Use a saucepan into which the pears will all just fit standing upright and in it put the wine with the sugar, cinnamon and lemon juice and rind. Boil for 5 minutes, then reduce to a simmer.
Peel the pears, leaving the stalks on, and cut the bottoms flat so they will stand upright. You can core them carefully from the bottom, though this is not strictly necessary.
Put them into the wine syrup, topping up with water to cover if there is insufficient liquid, cover and simmer for about 30 minutes, testing after 20 minutes, when they may already be done. The precise time will depend on the degree of ripeness.

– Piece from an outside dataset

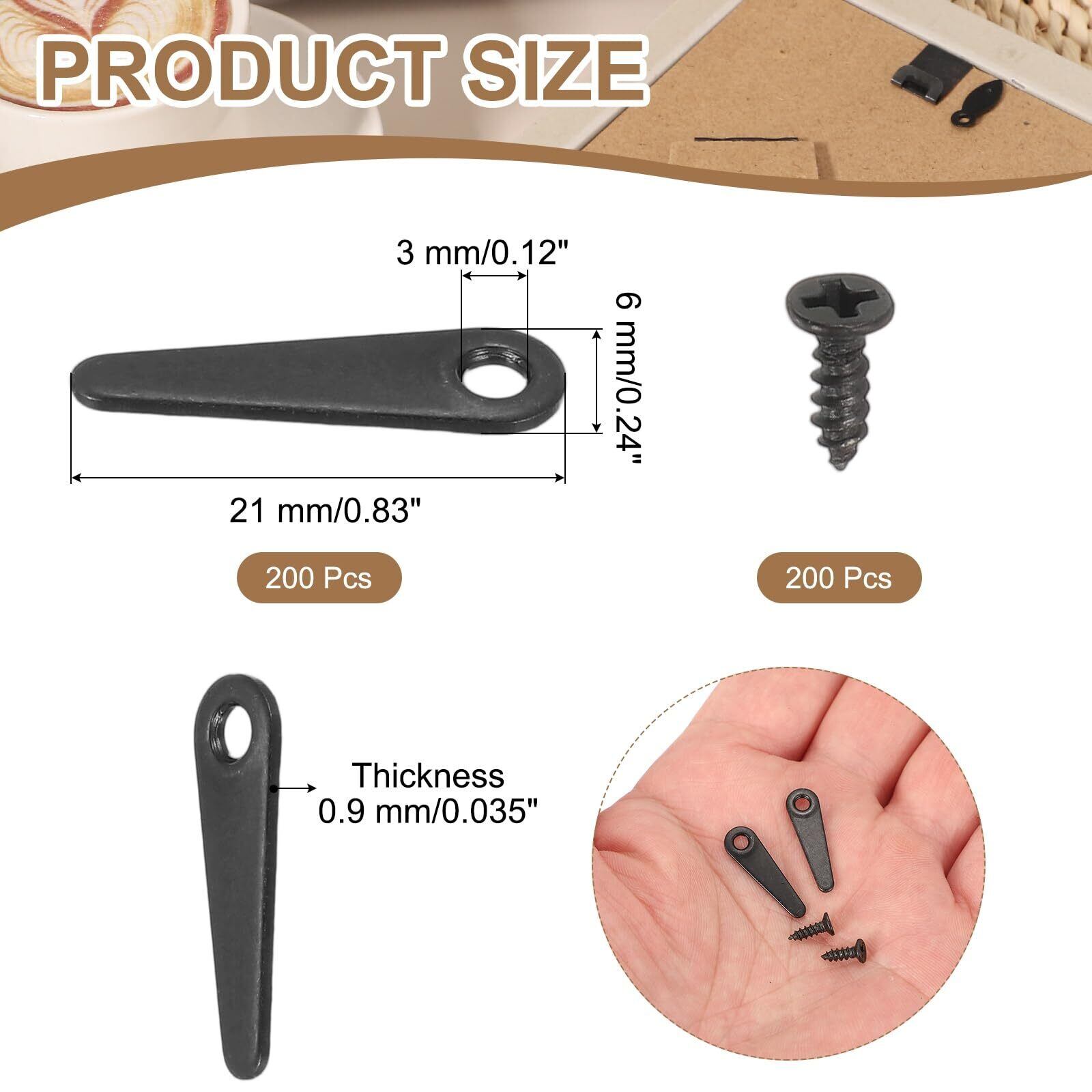 製品内容:ポインター形状の黒フォトフ レームボタン200個とネジ200本。フォトフ レームボタンのサイズは長さ21mm/0.83インチ、幅6mm/0.24インチ、取付穴径3 mm/0.12インチで、写真フ レームや窓枠に写真を固定するのに適しています。

Turn off the heat and leave until the syrup is just lukewarm before removing the pears and transferring them to a serving dish.
Strain the syrup through a fine-mesh sieve into a clean saucepan and put over a high heat until reduced to the point where it will just coat a spoon, but not to the point where it caramelizes. When cool, taste, adding more sugar or lemon juice as you like, then spoon over the pears. Refrigerate until very cold.